[Dataset excerpt]
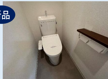
新品！温水洗浄便座を備えた 多機能トイレ
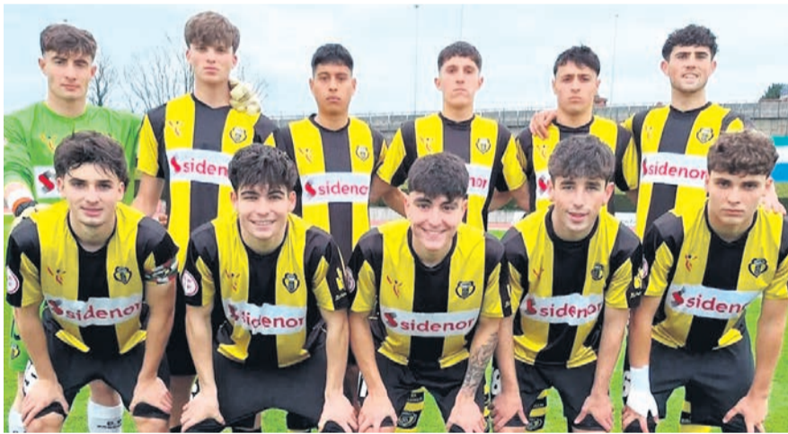
□ Alineación del Basconia en su partido contra el Santurtzi.

FÚTBOL. Está temporada 24-25 está siendo un sueño del que uno no quiere despertarse para los equipos regionales del Basconia. Y es que aunque ambos conjuntos hayan puesto final a sus largas rachas de victorias consecutivas tras empatar el pasado fin de semana, siguen líderes en sus respectivas categorías. El primer equipo que milita en Tercera Federación, tras 7 goleadas consecutivas parecía que seguiría haciendo lo propio, no obstante, el pasado 23 de marzo empató en Artunduaga contra un Santurtzi en racha que busca salir de la zona de descenso. Por su parte, el filial gualdinegro que milita en Preferente tampoco pasó del empate como local ante un Galea de la zona baja de la tabla, y ya son 3 semanas consecutivas en las que no logra vencer
[/Dataset excerpt]
• [Prompt] Please return each line of the listing exactly as written, excluding the images.

• [Completed exercise]
新品！温水洗浄便座を備えた 多機能トイレ
□ Alineación del Basconia en su partido contra el Santurtzi.

FÚTBOL. Está temporada 24-25 está siendo un sueño del que uno no quiere despertarse para los equipos regionales del Basconia. Y es que aunque ambos conjuntos hayan puesto final a sus largas rachas de victorias consecutivas tras empatar el pasado fin de semana, siguen líderes en sus respectivas categorías. El primer equipo que milita en Tercera Federación, tras 7 goleadas consecutivas parecía que seguiría haciendo lo propio, no obstante, el pasado 23 de marzo empató en Artunduaga contra un Santurtzi en racha que busca salir de la zona de descenso. Por su parte, el filial gualdinegro que milita en Preferente tampoco pasó del empate como local ante un Galea de la zona baja de la tabla, y ya son 3 semanas consecutivas en las que no logra vencer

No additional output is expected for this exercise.